Un métier passionnant, des missions multiples
Didier est loin de faire partie des grands insatisfaits de cette profession qui connaît des départs massifs et un taux de suicides dramatiquement élevé. D’aussi loin qu’il se souvienne, le policier a toujours eu une vocation pour les métiers ayant trait à la sécurité. Il explique qu’il aurait tout aussi bien pu être pompier et que finalement, c’est la police qui lui a "ouvert grandement les portes". Il s’en félicite : il trouve son métier passionnant.
Un métier qui ne se résume pas à l’encadrement des manifestations. Les compagnies républicaines de sécurité emploient des spécialistes de la montagne, des maîtres-nageurs sauveteurs, des motards qui traquent les chauffards sur les autoroutes… Et ces professionnels du maintien de l’ordre assurent des missions extrêmement variées, telles que la garde de bâtiments publics ou religieux, le renfort auprès d’autres services et la sécurisation de quartiers difficiles.
Ils peuvent être déployés à Calais, pour appuyer leurs collègues qui tentent de lutter contre l’émigration illégale ou dans des cités pour tenter de freiner les trafics. Une unité de CRS peut être envoyée n’importe où en France. L’éloignement a parfois pour avantage d’éviter qu’un fonctionnaire croise en bas de chez lui un individu avec qui il aurait eu maille à partir lors d’une opération.
Quand nous le rencontrons, Didier est en mission loin de chez lui. Toute sa compagnie est déployée dans des cités du sud de la France pour lutter contre le trafic de drogue. Il nous explique que les trafiquants méridionaux semblent plus réfléchis que ceux des cités franciliennes. Après quelques années passées en région parisienne, le policier a obtenu une mutation le rapprochant de sa région d’origine, mais il sait de quoi il parle.
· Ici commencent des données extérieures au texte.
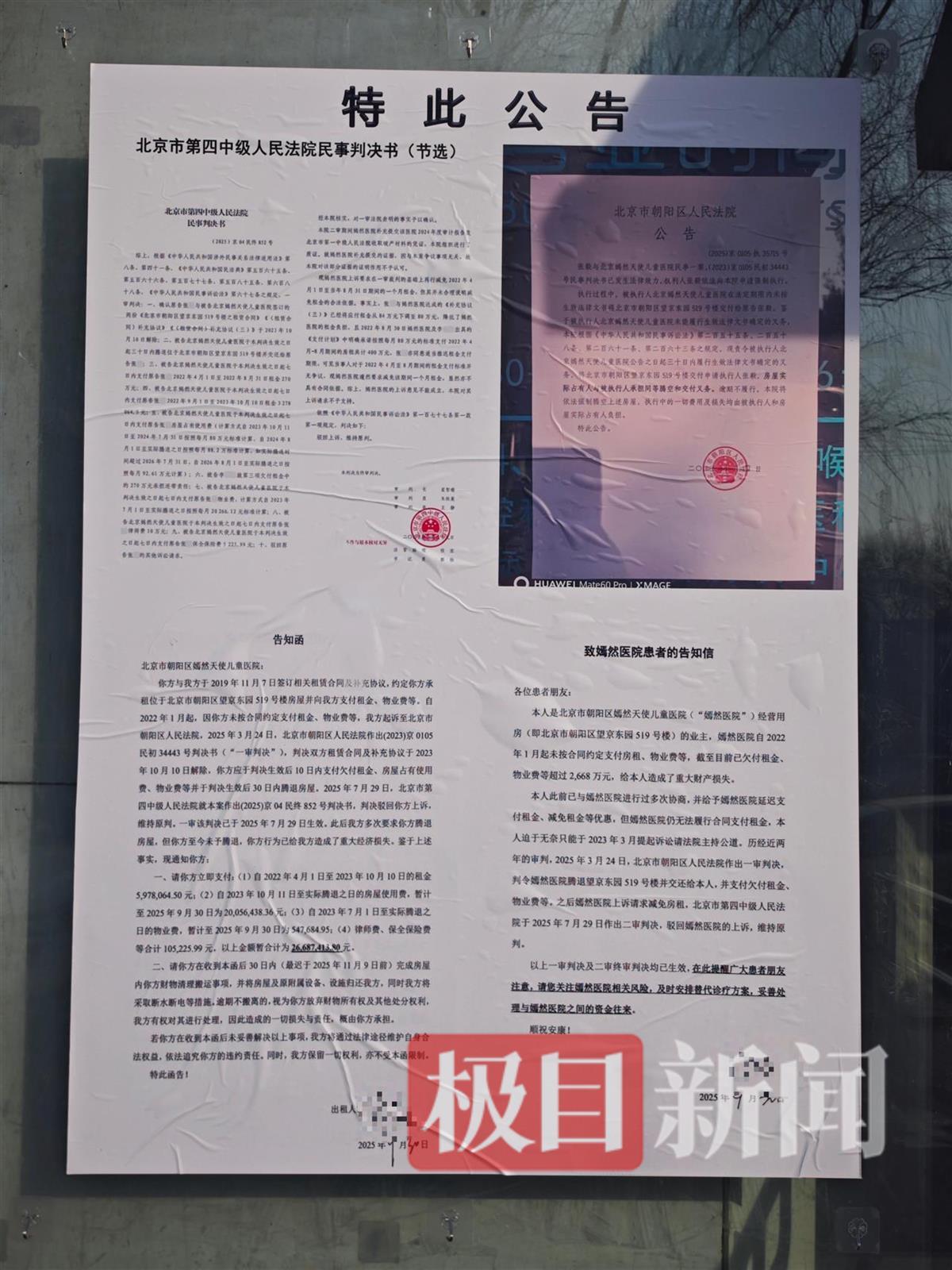14日,极目新闻记者来到位于北京朝阳区望京的嫣然天使儿童医院,医院正常营业中。医院门口,张贴告示一则,包括法院民事判决书、催促医院还款、搬迁的告知函及致医院患者的告知信,落款为出租人张先生。告示中提到,截至2025年9月,嫣然天使医院已拖欠租金、物业费超2668万元。医院工作人员回应,目前医院仍正常营业,患者可正常来就诊,“现在一切正常。如果哪天要搬了,我们会提前通知的。”

Quand une unité de CRS débarque, en uniforme, en renfort de leurs collègues en civil, les délinquants du sud préfèrent se barricader et se cacher plutôt que de venir au contact. Ils préfèrent éviter des affrontements violents qui risqueraient de déclencher l’arrivée d’effectifs policiers en nombre beaucoup plus importants. Les forces de l’ordre font leur maximum pour tenter de ralentir les trafics.
Mais Didier déplore que le "reste de la société" et notamment la justice, ne suivent pas. Alors, "après certains moments particulièrement durs, avec les collègues, on se demande si ça vaut encore le coup. On voit l’évolution de la société et on se pose beaucoup de questions", explique-t-il.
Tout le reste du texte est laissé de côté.